BACK OF THE YARDS — With Catholic Charities closing three Head Start programs on the South Side last month, one of the city’s oldest social service agencies is stepping up to help.
The agency, Marillac St. Vincent, will host a job fair for child care workers impacted by the closures 4-7 p.m. Tuesday at its Lincoln Park facility, 2145 N. Halsted St.
Our Lady of Tepeyac, St. Joseph and Chicago Lawn Child Development Center closed last week, affecting 502 children and their families in predominately Latinx neighborhoods. More than 60 staff members were also affected by the closures, some parents of students themselves.
“We want to let people know that Marillac St. Vincent is an option for them, even if it’s not right in their neighborhood,” said CEO Peter Beale-DelVecchio.
There are about 390 children enrolled at the Lincoln Park and East Garfield Park centers.
While Marillac St. Vincent was also hit by budget cuts, it’s been able to fill in the gap using public donations. Headstart programs at both locations will be funded though June 2020.
Beale-DelVecchio said Marillac St. Vincent have the green light to open an Early Head Start program at its East Garfield Park center, but is waiting for approval to open the program at its Lincoln Park site.
“We already have enough families that qualify for Early Head Start, so we’re waiting to hear from the Department of Family and Support Services if they’re going to let us do that earlier, or if would happen next year,” Beale-DelVecchio said. “It’s my understanding that most of the families who were coming from Catholic Charities had qualified for Early Head Start or Head Start.”
As for teachers and other staff members affected by the move, Beale-DelVecchio hopes to fill positions currently held by temporary workers with full-time permanent employees of their own. To that end, Tuesday’s job fair will be open to those unaffiliated with Catholic Charities, as well.
“Continuity of care is the goal,” Beale-DelVecchio said. “We have openings at both locations, but more at St. Vincent, as it’s the larger center.”
While job seekers can bring hard copies of their resumes, they are encouraged to bring Gateways printouts of their certification, and those without computer access will be able to use computers onsite.
“We’re in a really strong position, and that’s the blessing we have.

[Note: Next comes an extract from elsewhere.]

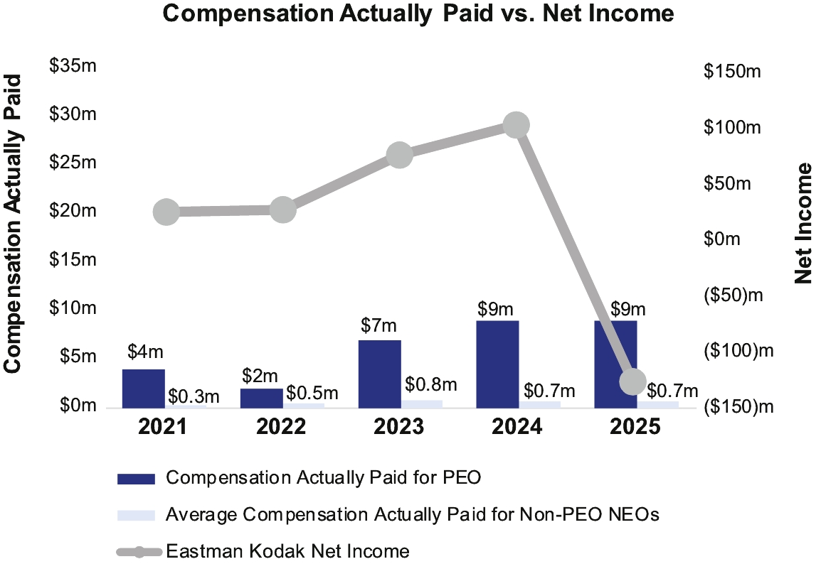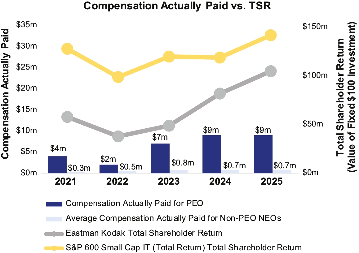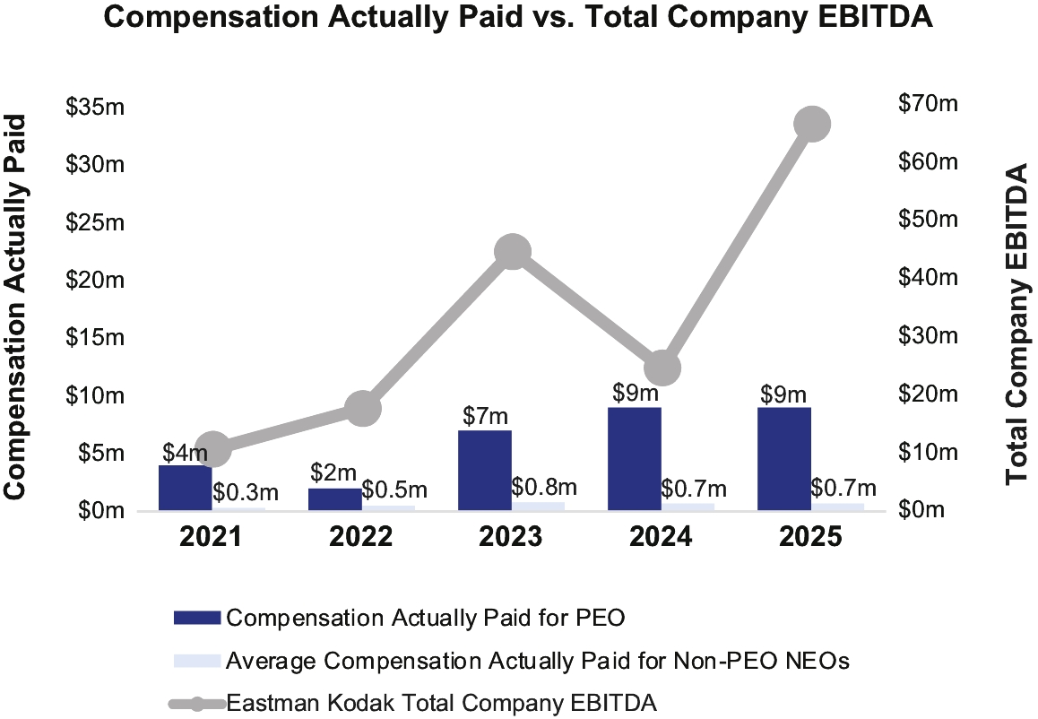 Nicholas Continenza, the son of Mr. Continenza, our Executive Chairman and Chief Executive Officer, has been employed by Kodak as Global Commercial Counsel since July 2021. In 2025, Nicholas Continenza received total cash compensation of approximately $301,528 consisting of base salary and bonus amounts. In May 2023, Nicholas Continenza received an equity grant of 30,000 restricted stock units (RSUs) with a grant date value of $128,400, which RSUs vest over a three-year period and are subject to his continued employment on the applicable vesting dates. The first and second tranche vested on May 17, 2024 and May 17, 2025, respectively and the third tranche vests on May 17, 2026. In August 2025, Nicholas Continenza received an equity grant of 50,000 RSUs with a grant date value of $322,500, which RSUs vest over a three-year period and are subject to his continued employment on the applicable vesting dates. Nicholas Continenza is eligible to participate in Kodak’s benefit plans, policies and arrangements that are provided to employees generally.

There hasn’t been a lot of transparency in terms of why certain decisions were made,” Beale-DelVecchio said. “And now families have been left scrambling. It causes a ripple effect. If you live in affordable housing, you’re required to work, but if you don’t have affordable child care, not only are you worried about losing your job, now you’re worried about losing your house.
“We’re happy that we can help people in need any way we can, that we can help families who need child care and teachers who need jobs. That said, how we’ve done it in the city has been really, really messy, and a lot of people have gotten hurt in the process.”